Records for this task ▸
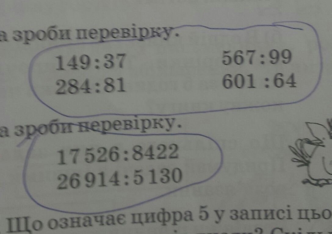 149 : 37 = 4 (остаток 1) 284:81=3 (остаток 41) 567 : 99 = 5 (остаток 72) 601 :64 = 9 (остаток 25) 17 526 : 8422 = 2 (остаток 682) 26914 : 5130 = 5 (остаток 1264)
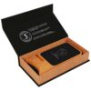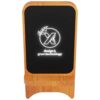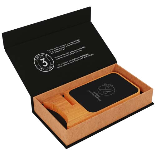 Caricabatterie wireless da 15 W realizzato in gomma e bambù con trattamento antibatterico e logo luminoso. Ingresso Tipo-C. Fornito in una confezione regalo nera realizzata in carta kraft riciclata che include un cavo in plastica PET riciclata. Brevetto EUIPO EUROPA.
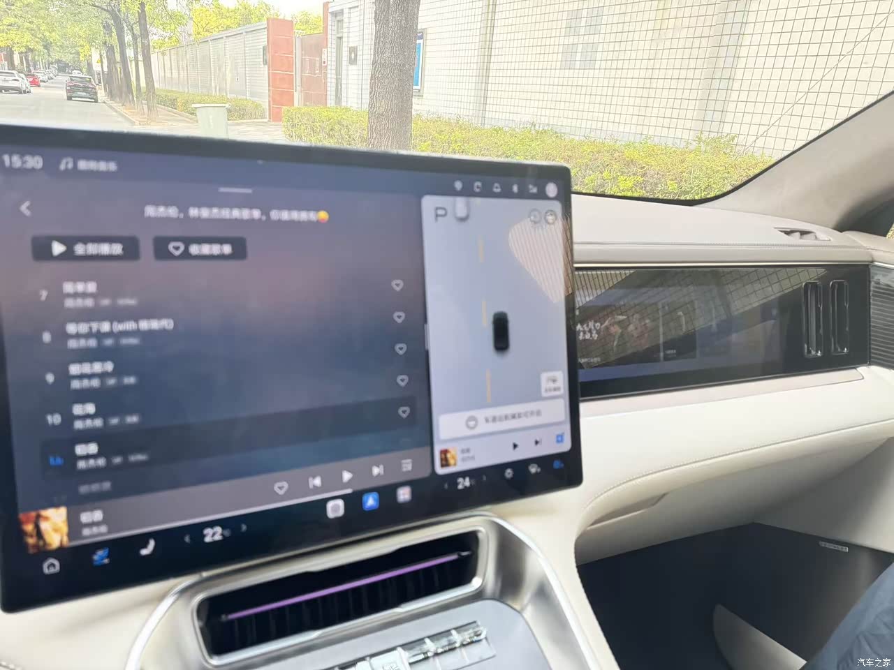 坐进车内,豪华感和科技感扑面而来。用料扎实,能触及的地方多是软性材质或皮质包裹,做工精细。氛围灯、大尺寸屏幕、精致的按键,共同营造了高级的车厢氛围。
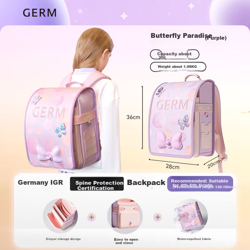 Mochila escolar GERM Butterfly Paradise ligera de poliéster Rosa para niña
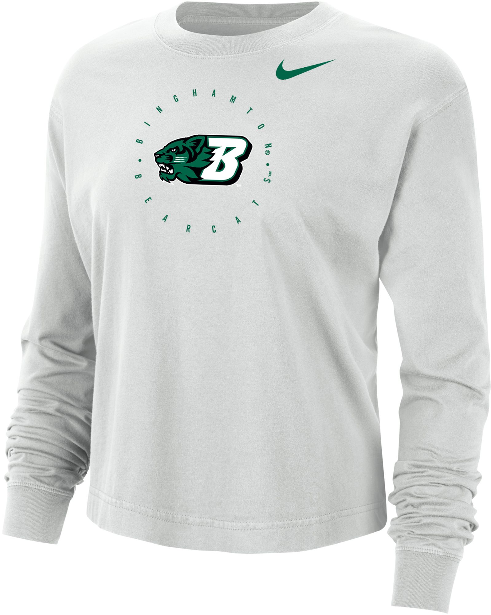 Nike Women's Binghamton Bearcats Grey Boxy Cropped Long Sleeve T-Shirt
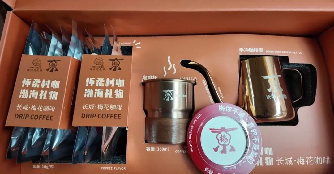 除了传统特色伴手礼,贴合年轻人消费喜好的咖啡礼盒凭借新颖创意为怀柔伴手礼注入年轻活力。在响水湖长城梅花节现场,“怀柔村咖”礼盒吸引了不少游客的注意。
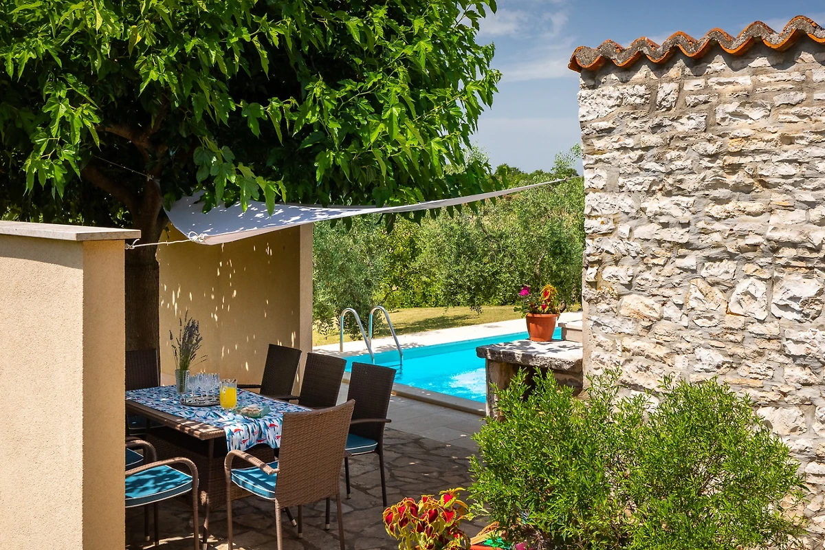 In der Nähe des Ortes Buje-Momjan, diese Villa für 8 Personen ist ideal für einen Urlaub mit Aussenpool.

Description of the task ▸ In your copy, repeat the records above exactly and include no images.

Problem solution ▸
 149 : 37 = 4 (остаток 1) 284:81=3 (остаток 41) 567 : 99 = 5 (остаток 72) 601 :64 = 9 (остаток 25) 17 526 : 8422 = 2 (остаток 682) 26914 : 5130 = 5 (остаток 1264)
 Caricabatterie wireless da 15 W realizzato in gomma e bambù con trattamento antibatterico e logo luminoso. Ingresso Tipo-C. Fornito in una confezione regalo nera realizzata in carta kraft riciclata che include un cavo in plastica PET riciclata. Brevetto EUIPO EUROPA.
 坐进车内,豪华感和科技感扑面而来。用料扎实,能触及的地方多是软性材质或皮质包裹,做工精细。氛围灯、大尺寸屏幕、精致的按键,共同营造了高级的车厢氛围。
 Mochila escolar GERM Butterfly Paradise ligera de poliéster Rosa para niña
 Nike Women's Binghamton Bearcats Grey Boxy Cropped Long Sleeve T-Shirt
 除了传统特色伴手礼,贴合年轻人消费喜好的咖啡礼盒凭借新颖创意为怀柔伴手礼注入年轻活力。在响水湖长城梅花节现场,“怀柔村咖”礼盒吸引了不少游客的注意。
 In der Nähe des Ortes Buje-Momjan, diese Villa für 8 Personen ist ideal für einen Urlaub mit Aussenpool.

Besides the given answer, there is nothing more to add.